Wednesday, April 26, 2006

Granholm: Work together to reduce abortion numbers
Nice to see the Guv take a strong stand on choice. It would be so easy to run away from emotionally charged issues like this- but here she is, out in front, fighting to protect women's rights.

Michigan residents need to work together to reduce abortions rather than battling over whether to outlaw them, Gov. Jennifer Granholm told abortion-rights supporters and anti-abortion protesters at a Capitol rally Tuesday.

Granholm said the ideal number of abortions is zero and that education and access to birth control can help. But she said she'll continue to support women's decisions to make choices for themselves.

"We want to be the state where the battle is won to reduce unintended pregnancies," Granholm told cheering supporters.

"We want to be the state where the battle is won for policies that make abortion safe, legal and rare."

About 250 people gathered at the Capitol for the Michigan March for Choice. Perhaps 50 in the crowd were opponents of abortion, many of them members of a Students for Life group.

Granholm's speech was her first to an abortion-rights rally since she became governor in 2003, although she has attended events by the abortion-rights fundraising group EMILY's List.

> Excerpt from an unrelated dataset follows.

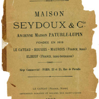 Livret de présentation des Établissements Seydoux et Cie au Cateau, de leurs investissements institutionnels dans la ville du Cateau et des récompenses recueillies lors des précédentes expositions.

Spokeswoman Liz Boyd said the governor hasn't been invited to many such events, but she said the issue has become elevated with recent appointments to the U.S. Supreme Court that have fueled speculation that the Roe v. Wade decision legalizing abortion might be overturned.

The state recently received a federal waiver to use Medicaid money to provide family planning services for about 200,000 women without insurance. The state also has a "Talk Early, Talk Often" program designed to help parents teach their children about sex and pregnancy prevention.

Granholm also called for passage of so-called contraception legislation equity.

"Insurance companies should not cover Viagra if they don't cover the Pill, too," she said.

The Lansing State Journal also provided this fact- More than 26,000 induced abortions were reported in Michigan in 2004, the most recently available statistics. That's down 11 percent from 2003 and 46 percent since the peak year of 1987.

Good to see the numbers dropping- and the common sense answer to keep those numbers dropping is access to (cheap) contraception and education.

One disturbing sidenote: In the Detroit News story on this rally, the very last sentence of the article contained this-

The state House on Wednesday could vote on separate legislation that would let insurers and HMOs refuse to provide a health care benefit based on ethical, moral or religious grounds.

I had heard about this before, but didn't realize that the legislation was up for a vote here.

Do we really want to give insurance companies, who already fight claims tooth and nail, more power to deny services?

More to come later on this, I'm sure.